Work task: Your output should consist of the lines from the first line of the records below through the one with "На рисунке –", exactly, minus the pictures.

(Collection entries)
•••

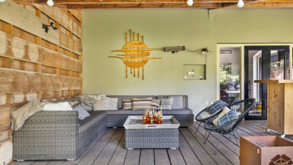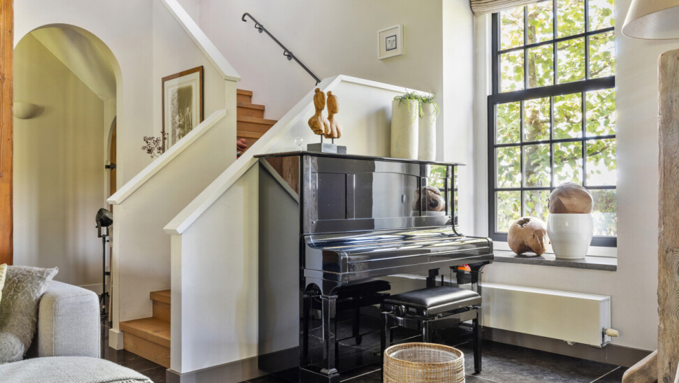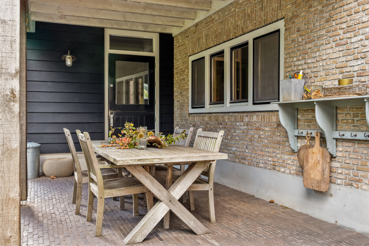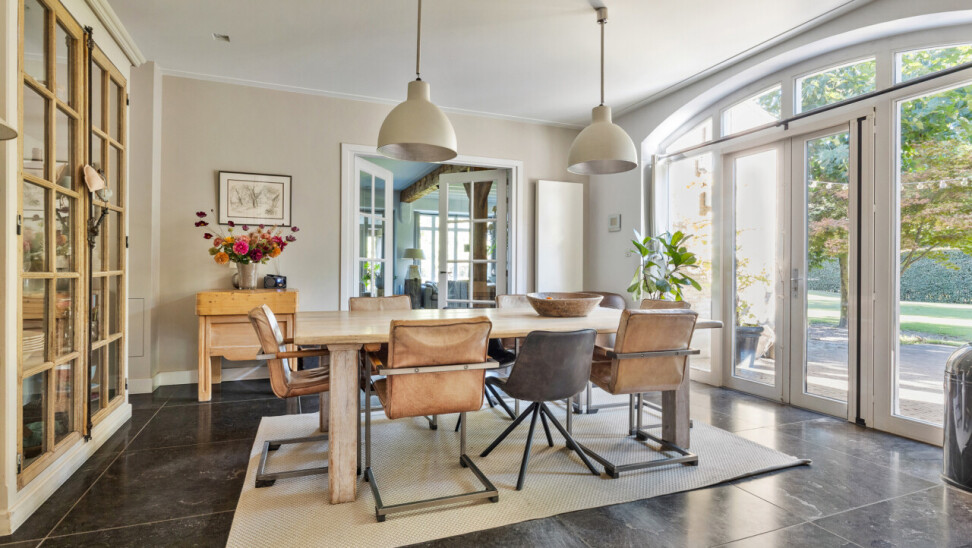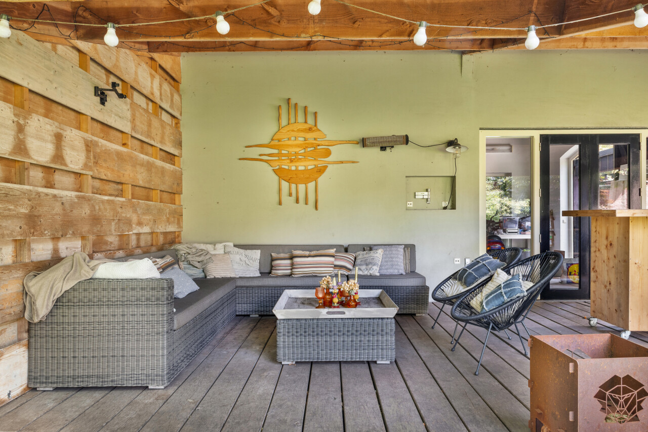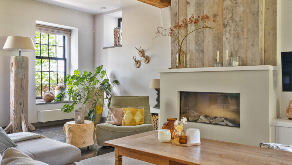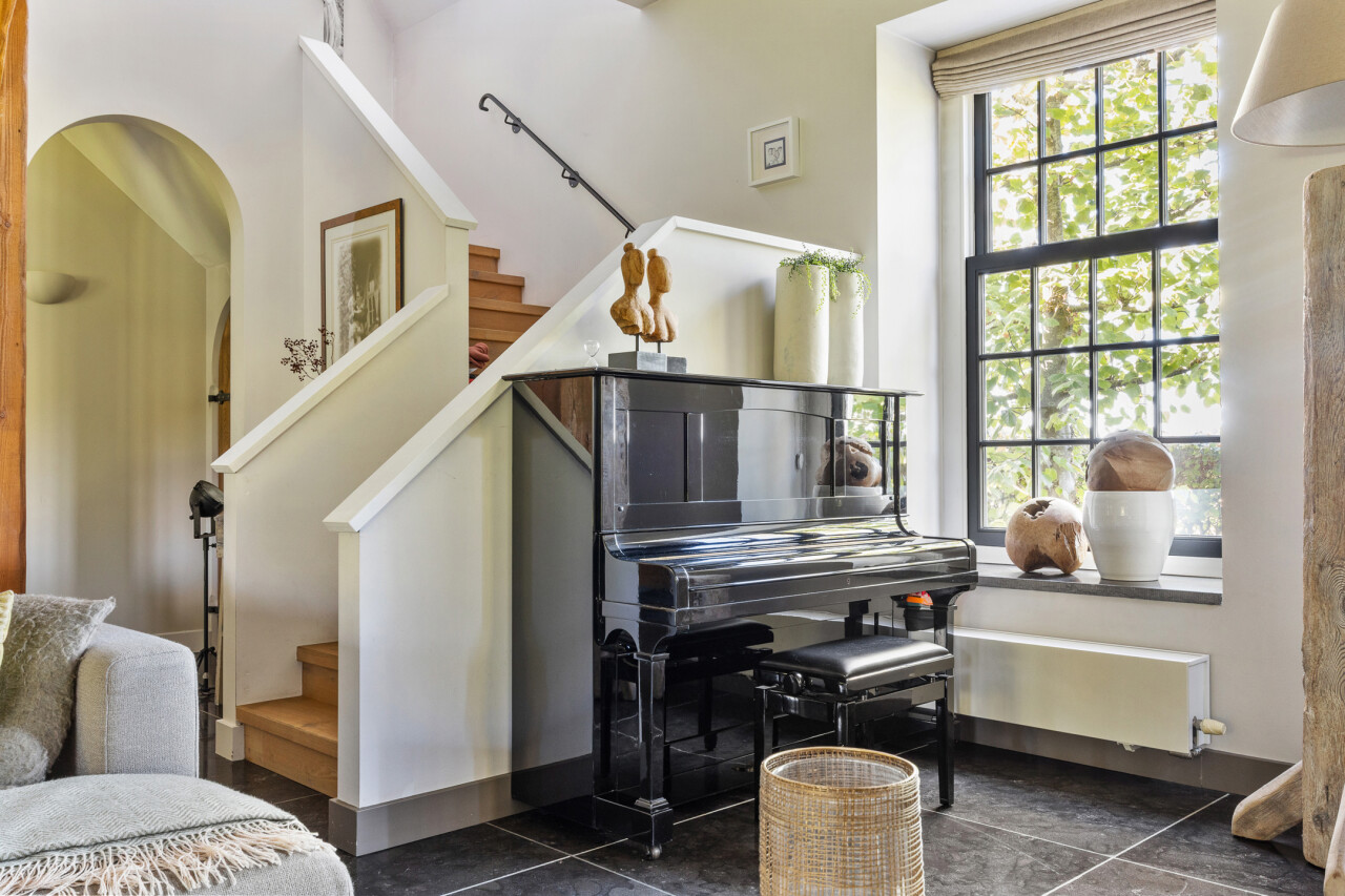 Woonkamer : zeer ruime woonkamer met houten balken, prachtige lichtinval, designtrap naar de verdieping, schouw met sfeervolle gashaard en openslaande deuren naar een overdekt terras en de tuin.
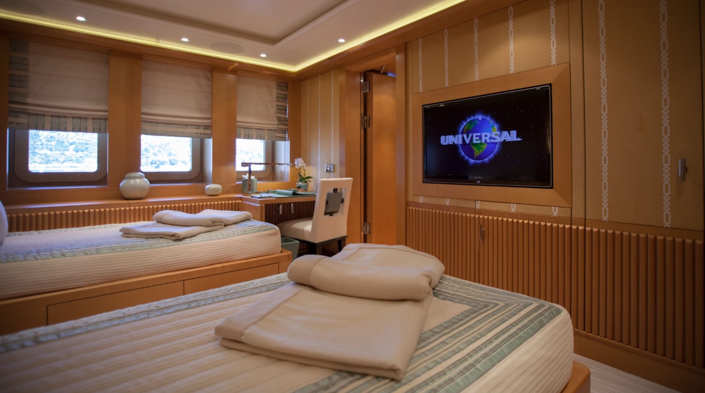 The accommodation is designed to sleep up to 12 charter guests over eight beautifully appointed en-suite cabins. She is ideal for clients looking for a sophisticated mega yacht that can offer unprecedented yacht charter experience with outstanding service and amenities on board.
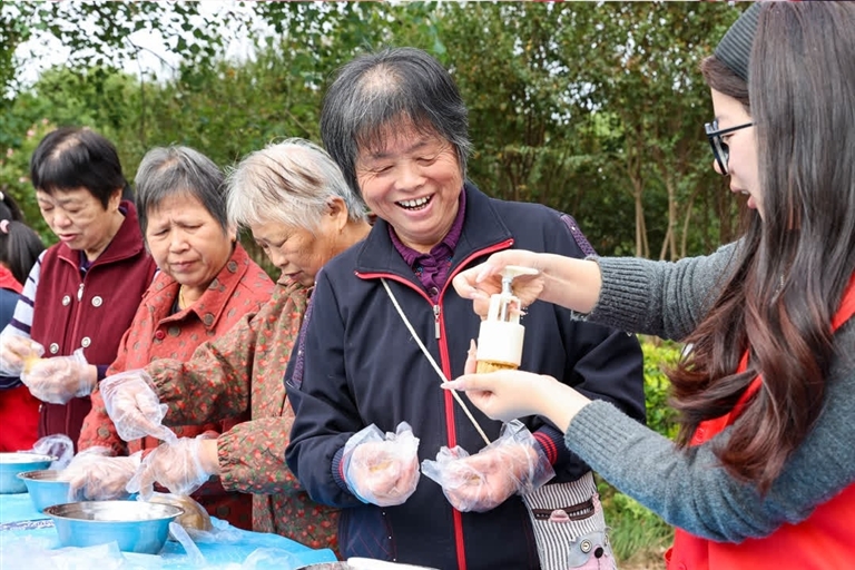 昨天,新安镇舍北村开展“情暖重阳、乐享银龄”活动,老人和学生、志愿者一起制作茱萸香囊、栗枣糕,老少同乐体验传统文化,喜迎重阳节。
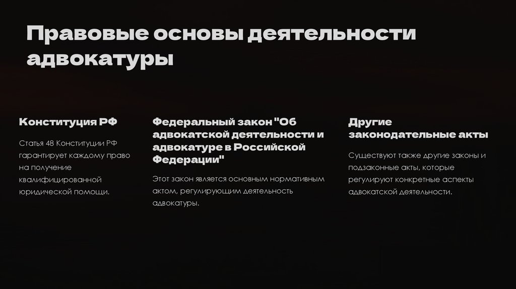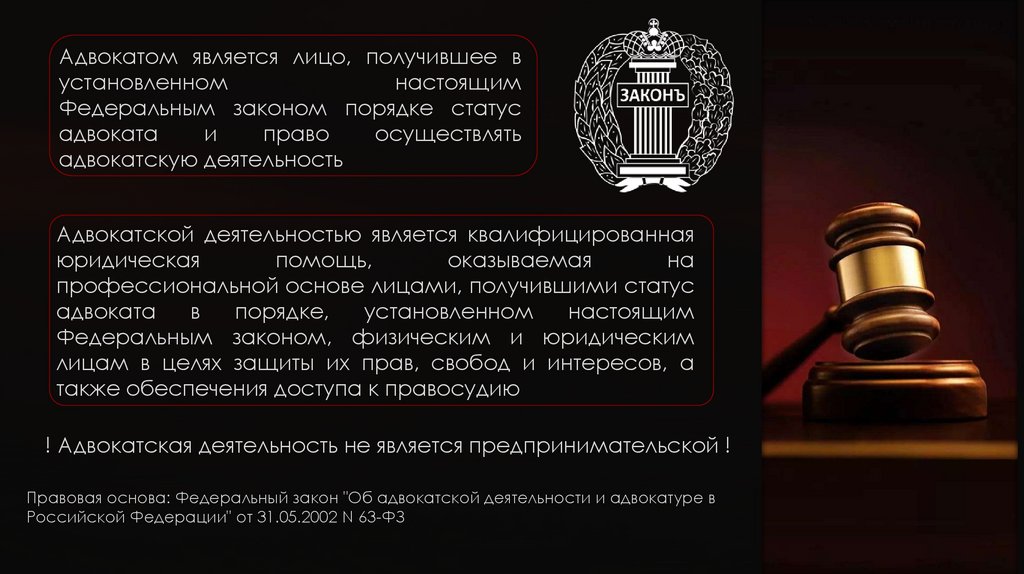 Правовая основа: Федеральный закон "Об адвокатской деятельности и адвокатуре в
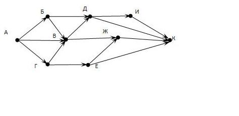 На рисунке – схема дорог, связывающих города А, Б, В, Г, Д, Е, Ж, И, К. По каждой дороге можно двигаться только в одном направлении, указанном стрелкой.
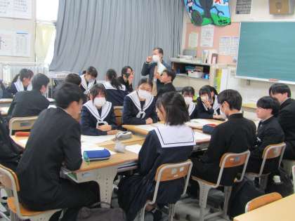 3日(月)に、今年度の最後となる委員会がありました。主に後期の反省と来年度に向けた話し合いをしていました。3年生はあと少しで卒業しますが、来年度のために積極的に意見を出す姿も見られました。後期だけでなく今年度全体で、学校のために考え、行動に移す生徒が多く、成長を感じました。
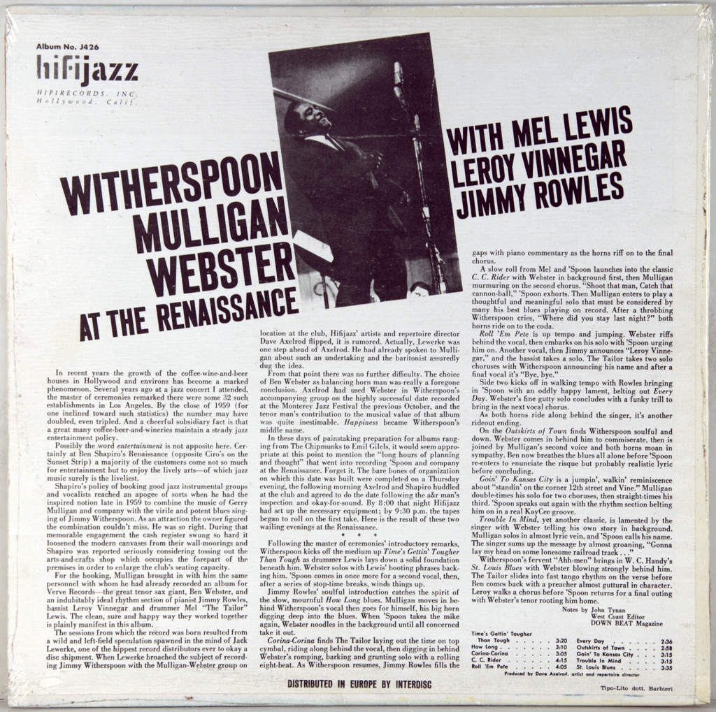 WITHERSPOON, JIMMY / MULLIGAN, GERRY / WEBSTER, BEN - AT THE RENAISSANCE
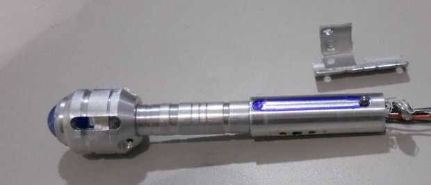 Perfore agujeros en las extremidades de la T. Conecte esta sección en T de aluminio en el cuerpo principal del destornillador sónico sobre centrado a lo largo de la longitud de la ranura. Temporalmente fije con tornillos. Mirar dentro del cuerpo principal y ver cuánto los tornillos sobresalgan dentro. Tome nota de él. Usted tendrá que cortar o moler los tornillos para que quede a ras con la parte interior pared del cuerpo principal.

•••

Written solution:
 Woonkamer : zeer ruime woonkamer met houten balken, prachtige lichtinval, designtrap naar de verdieping, schouw met sfeervolle gashaard en openslaande deuren naar een overdekt terras en de tuin.
 The accommodation is designed to sleep up to 12 charter guests over eight beautifully appointed en-suite cabins. She is ideal for clients looking for a sophisticated mega yacht that can offer unprecedented yacht charter experience with outstanding service and amenities on board.
 昨天,新安镇舍北村开展“情暖重阳、乐享银龄”活动,老人和学生、志愿者一起制作茱萸香囊、栗枣糕,老少同乐体验传统文化,喜迎重阳节。
 Правовая основа: Федеральный закон "Об адвокатской деятельности и адвокатуре в
 На рисунке – схема дорог, связывающих города А, Б, В, Г, Д, Е, Ж, И, К. По каждой дороге можно двигаться только в одном направлении, указанном стрелкой.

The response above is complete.